▶ _Supplied information_
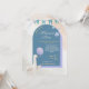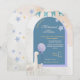Featuring a peaceful color palette, arch frame, cute stork illustration, and customizable event details, this card brings a warm and loving touch to your celebration.
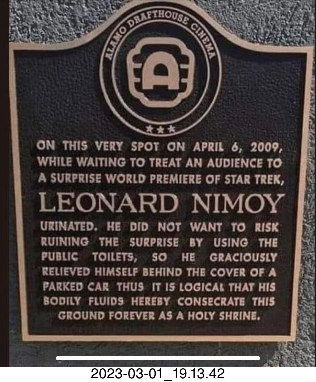 Astro Trails - Exmouth - total solar eclipse! (picture of my own picture) Facebook - Leonard Nimoy pissed here plaque
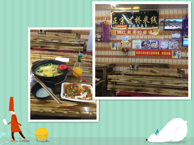 缘分总是在不经意间出现,在返回丽江的路上得知哥们Z和美女W原计划由于山体滑坡不得不取消,使得他俩又得回到丽江然后第二天前往大理,这样正好又能同行,感觉又能一同组队心理十分高兴。不过由于他们很晚才能回来,所以我独自一人游荡在酒吧一条街,然后找了家地地道道的云南米线,哈哈。 D4就这样过去了,可能是审美疲劳拍的照片也少了,唯独遗憾的是,没有拍下束河古镇的夜晚。
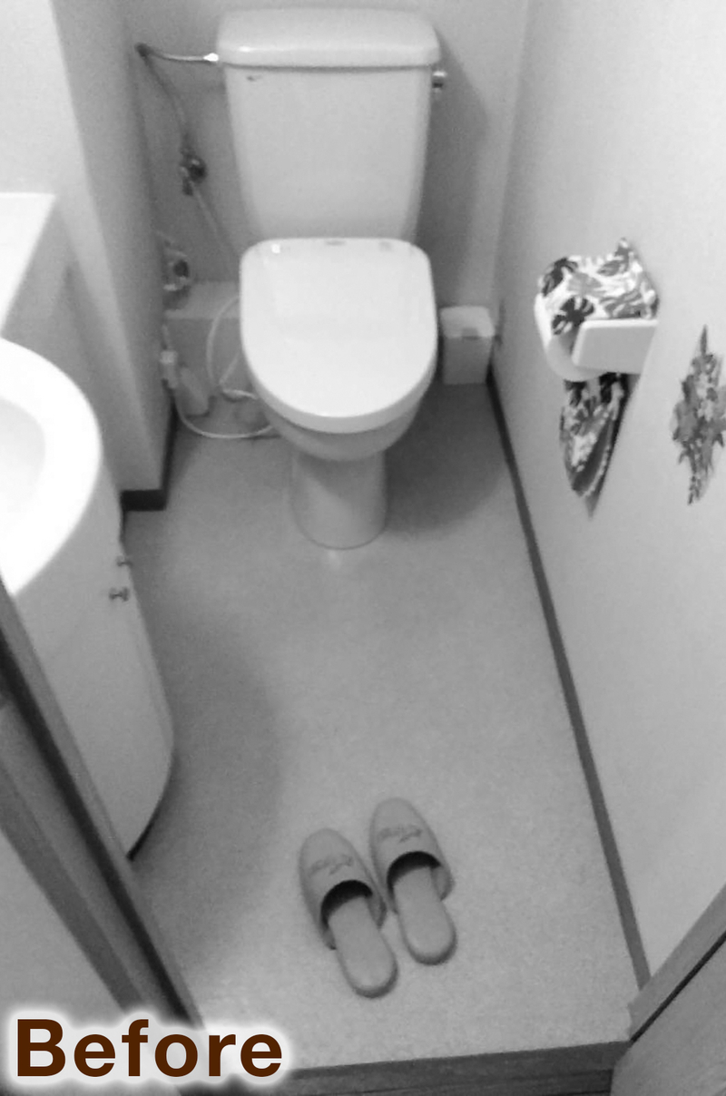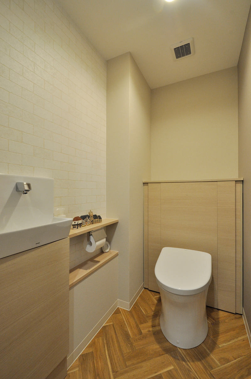 以前はタンク付きだった便器は、清掃性と収納力を兼ね備えた背面キャビネットタイプの便器(TOTO/レストパルI型)に。手洗いまわりは、配管部分を腰壁で覆い隠し、棚板で造作したオリジナル。

▶ _Goal of the exercise_
Once the pictures are set aside, please output all the data word for word.

▶ _Reply to the exercise_
Featuring a peaceful color palette, arch frame, cute stork illustration, and customizable event details, this card brings a warm and loving touch to your celebration.
 Astro Trails - Exmouth - total solar eclipse! (picture of my own picture) Facebook - Leonard Nimoy pissed here plaque
 缘分总是在不经意间出现,在返回丽江的路上得知哥们Z和美女W原计划由于山体滑坡不得不取消,使得他俩又得回到丽江然后第二天前往大理,这样正好又能同行,感觉又能一同组队心理十分高兴。不过由于他们很晚才能回来,所以我独自一人游荡在酒吧一条街,然后找了家地地道道的云南米线,哈哈。 D4就这样过去了,可能是审美疲劳拍的照片也少了,唯独遗憾的是,没有拍下束河古镇的夜晚。
 以前はタンク付きだった便器は、清掃性と収納力を兼ね備えた背面キャビネットタイプの便器(TOTO/レストパルI型)に。手洗いまわりは、配管部分を腰壁で覆い隠し、棚板で造作したオリジナル。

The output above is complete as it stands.